----- Input data

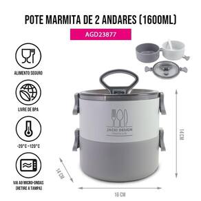 Agora ficou mais fácil organizar seus alimentos para um dia longo. A marmita de 1400 ml possui 2 recipientes que encaixa um em cima do outro, acompanha garfo e é prático e simples. Feito de material polipropileno, é resistente e possui tampa com travas para segurança evitando acidentes. Produto livre de BPA com qualidade Jacki Design. Conheça a linha completa da coleção JOY e complete o seu kit! (INSTRUÇÕES DE USO: Retire a tampa antes de levar ao micro-ondas; usar somente para aquecer comida, não para cozinhar; Vai ao freezer e lava-louças; Temperatura de uso: -20C ~120C; Limpe usando uma esponja macia e detergente.)
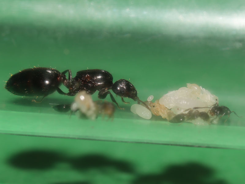 So, the day after I released the post on my Lasius colonies, I discovered that this Crematogaster Queen was no longer alone in her nest! At the time, she had one nanitic, but that has quickly increased to six nanitics! The nanitics are tiny compared to the queen, who is eight millimeters long. This colony has also had their first meal, which was mealworm pieces. They are quite healthy at the moment, and they seem to love mealworms.
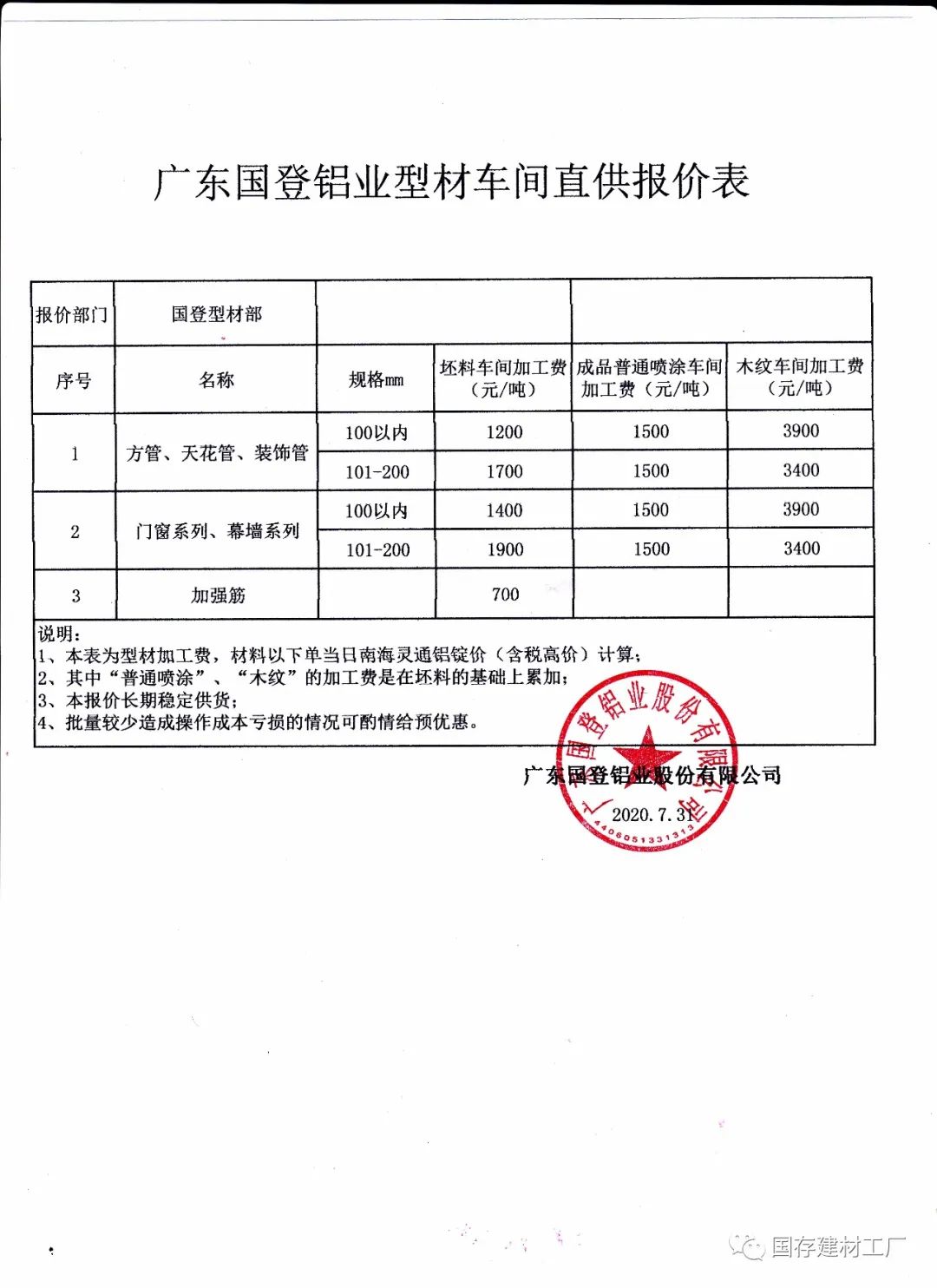 好了,我們就直接說事,國登鋁業(yè)推出了她長期穩(wěn)定的車間報(bào)價(jià),不懂的看熱鬧,懂行的看門道,來吧,我們來看一看這個(gè)報(bào)價(jià),你是否意識到過去,你的材料已經(jīng)購買貴了!

----------

What you will do:
Keep the pictures out of the copy and return the rest of the data above exactly.

Worked solution:
 Agora ficou mais fácil organizar seus alimentos para um dia longo. A marmita de 1400 ml possui 2 recipientes que encaixa um em cima do outro, acompanha garfo e é prático e simples. Feito de material polipropileno, é resistente e possui tampa com travas para segurança evitando acidentes. Produto livre de BPA com qualidade Jacki Design. Conheça a linha completa da coleção JOY e complete o seu kit! (INSTRUÇÕES DE USO: Retire a tampa antes de levar ao micro-ondas; usar somente para aquecer comida, não para cozinhar; Vai ao freezer e lava-louças; Temperatura de uso: -20C ~120C; Limpe usando uma esponja macia e detergente.)
 So, the day after I released the post on my Lasius colonies, I discovered that this Crematogaster Queen was no longer alone in her nest! At the time, she had one nanitic, but that has quickly increased to six nanitics! The nanitics are tiny compared to the queen, who is eight millimeters long. This colony has also had their first meal, which was mealworm pieces. They are quite healthy at the moment, and they seem to love mealworms.
 好了,我們就直接說事,國登鋁業(yè)推出了她長期穩(wěn)定的車間報(bào)價(jià),不懂的看熱鬧,懂行的看門道,來吧,我們來看一看這個(gè)報(bào)價(jià),你是否意識到過去,你的材料已經(jīng)購買貴了!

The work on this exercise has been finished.